English actress (born 2005)

Dixie Violet Egerickx (born 31 October 2005) is an English actress. Her films include The Little Stranger (2018), Summerland and The Secret Garden (both 2020).

==Early life==
Dixie Violet Egerickx is from West London. She attended Knightsbridge School, Bute House Preparatory School, and Latymer Upper School. She was scouted at the age of 8 by casting director Kate Bone of Nina Gold Casting.

==Career==
In 2015, Egerickx appeared on the London stage as Iphigenia in Robert Icke's adaptation of Oresteia. She had further roles as Rosalind in Alexi Kay Campbell's Sunset at the Villa Thalia at the National Theatre and Jenny Caroline Marx in Richard Bean and Clive Coleman's Young Marx at The Bridge Theatre, directed by Sir Nicholas Hytner. She made her television debut in the television film Churchill's Secret.

Egerickx appeared in the 2017 National Geographic series Genius and the 2018 series Patrick Melrose. Also in 2018, she made her feature film debut in The Little Stranger. Egerickx appeared on Screen Internationals Screen Stars of Tomorrow list in 2019 at the age of 13.

Egerickx starred as Edie in the 2020 drama film Summerland, and portrayed Mary Lennox in the 2020 film The Secret Garden.

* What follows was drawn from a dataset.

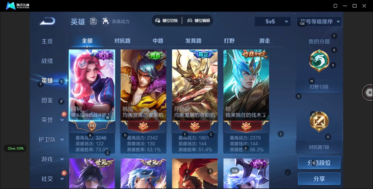 - [11852392]V7 6传说 123英雄 209皮肤 可修改实名 优质装备:炽阳神光,末日机甲-孙尚香(绿蚂蚱),地狱火,地狱之眼,无双飞将 珍宝阁皮:妄想食味,胡桃夹子 限定皮:逐霄战戟,鸣野蒿,至尊宝,五谷丰年,李小龙,逐梦之影,大圣娶亲,蜜橘之夏 史诗皮:鸭鸭历险记-刘禅,化蝶舞,龙之律动,茶境仙,紫霞仙子,白龙吟,特工魅影,千年之狐,电玩·爆裂旋风,末日机甲-吕布,乱世虎臣,修罗,水果甜心,星夜王子,德古拉伯爵,暗隐猎兽者,幽灵船长,鬼剑武藏,心灵战警,天秀·启明,纤云弄巧,繁星吟游(呼啦呼啦),缤纷独角兽,金属风暴,原初追逐者,圣诞狂欢,圣诞恋歌,鹰眼统帅,魅力维加斯,黎明之约,赏金猎手

In 2019, she filmed HBO's Unaired Game of Thrones Prequel Pilot and can currently be seen in the role of Jo Ransome in the Apple TV+ miniseries The Essex Serpent, directed by Clio Barnard. In 2023, Egerickx completed filming the role of Anna in the feature film Rich Flu, directed by Galder Gaztelu-Urrutia.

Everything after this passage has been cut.